_Your assignment_
Although the material holds pictures, none belong in the copy; transcribe exactly, and only, the lines from the one with "Grosse semaine en" through the end.

_Given data_

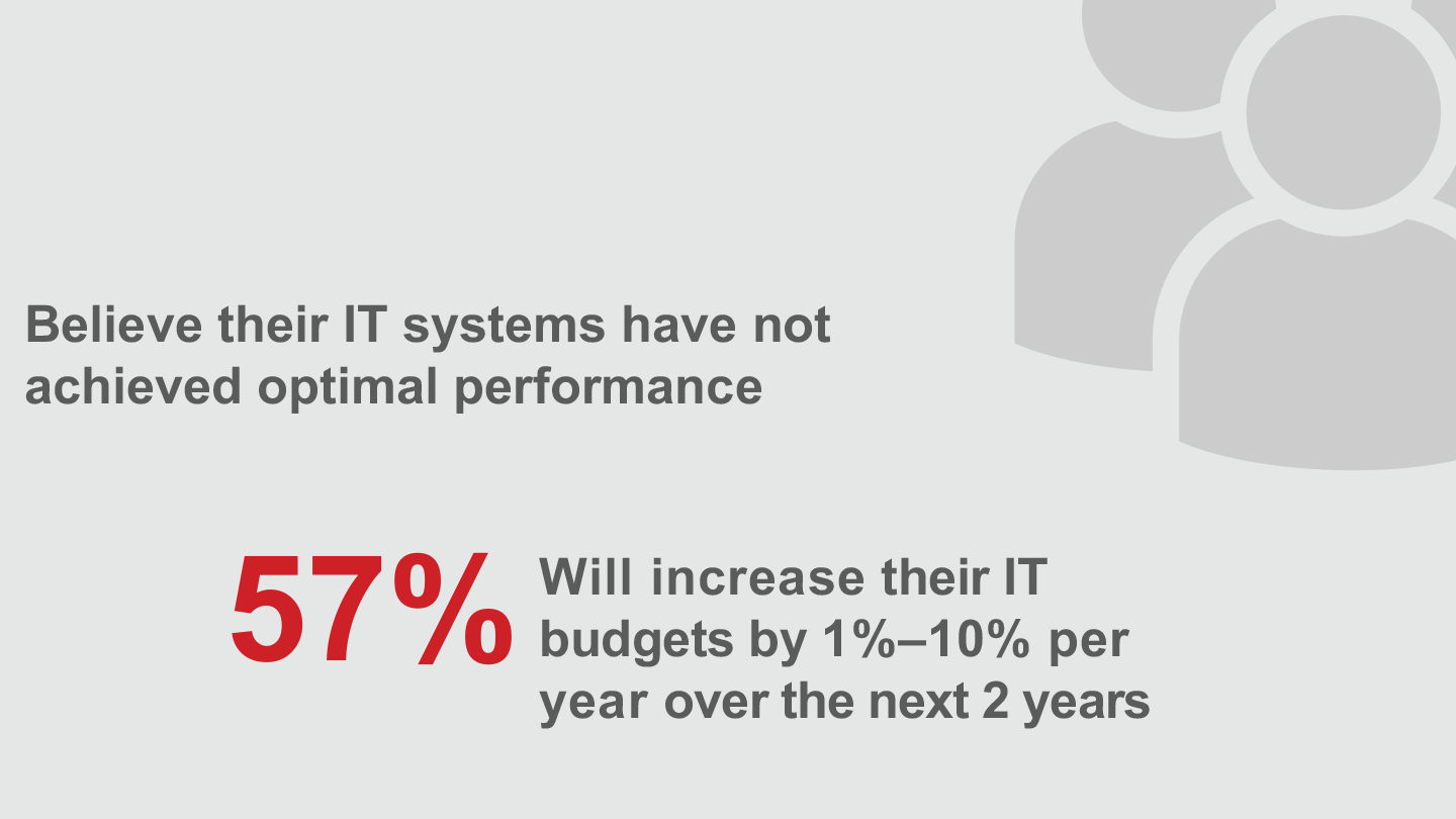 HR departments that find themselves falling behind can take solace in the fact that the digital transformation is still in early stages, so they can still catch up. Some 87% of respondents believe that digital will fundamentally change HR, but 75% acknowledge that their IT systems and technology have not yet achieved optimal performance or the business outcomes they desire. The window of time may be closing, however, as 57% of respondents plan to increase their IT budgets by 1% to 10% over the next two years, and 25% plan to increase budgets by more than 10% (see Figure 1).
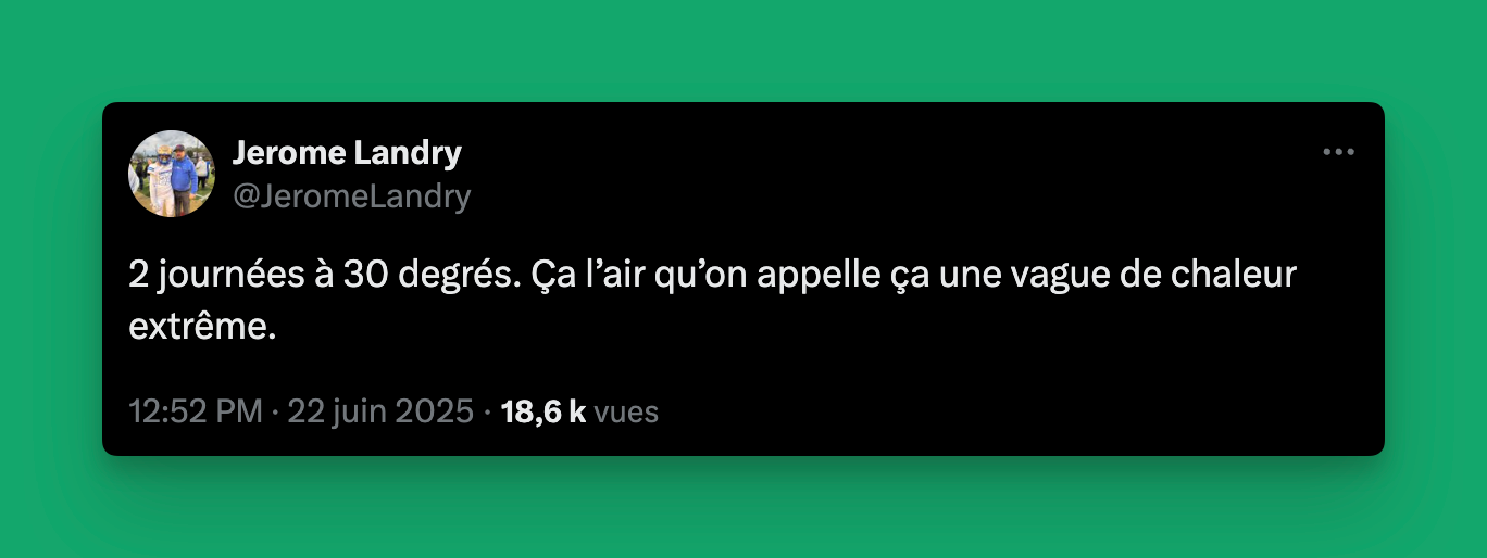 Grosse semaine en la matière. C’est rendu que ce n’est pas correct de prévenir les gens des dangers de la canicule.
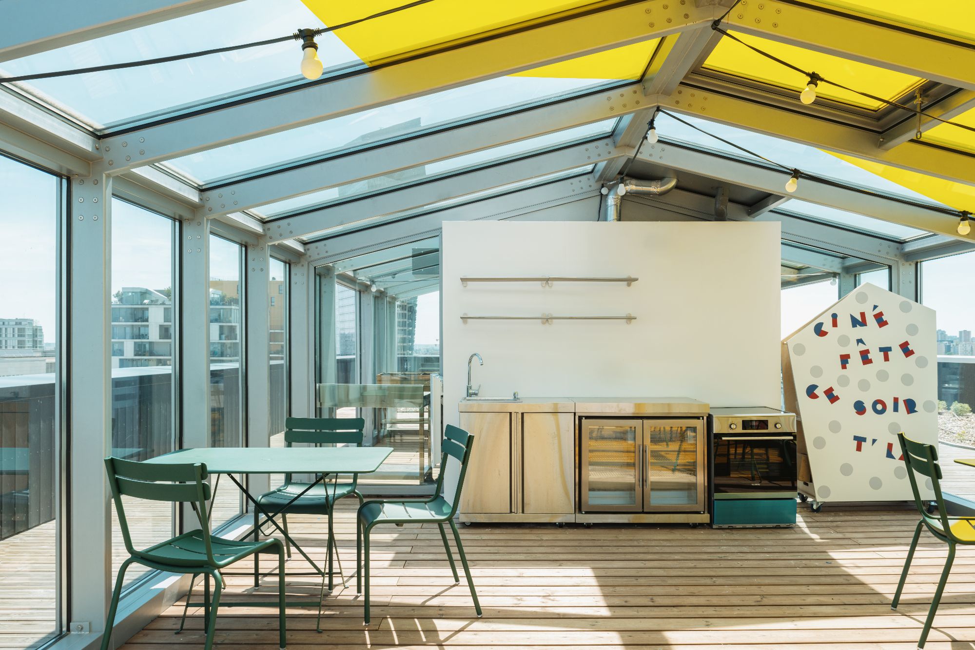 Salle de sport, atelier de bricolage, terrasses, buanderie ou encore bibliothèque partagée… de nombreux espaces sont à disposition dans l’immeuble. Les enfants ont même droit à une aire de jeux sur la terrasse, sur laquelle se trouve aussi une grande serre potagère, ainsi qu’un écran de cinéma ouvert à tous les habitants. Tout a été pensé pour créer une vraie communauté de vie.

_Result for this task_
 Grosse semaine en la matière. C’est rendu que ce n’est pas correct de prévenir les gens des dangers de la canicule.
 Salle de sport, atelier de bricolage, terrasses, buanderie ou encore bibliothèque partagée… de nombreux espaces sont à disposition dans l’immeuble. Les enfants ont même droit à une aire de jeux sur la terrasse, sur laquelle se trouve aussi une grande serre potagère, ainsi qu’un écran de cinéma ouvert à tous les habitants. Tout a été pensé pour créer une vraie communauté de vie.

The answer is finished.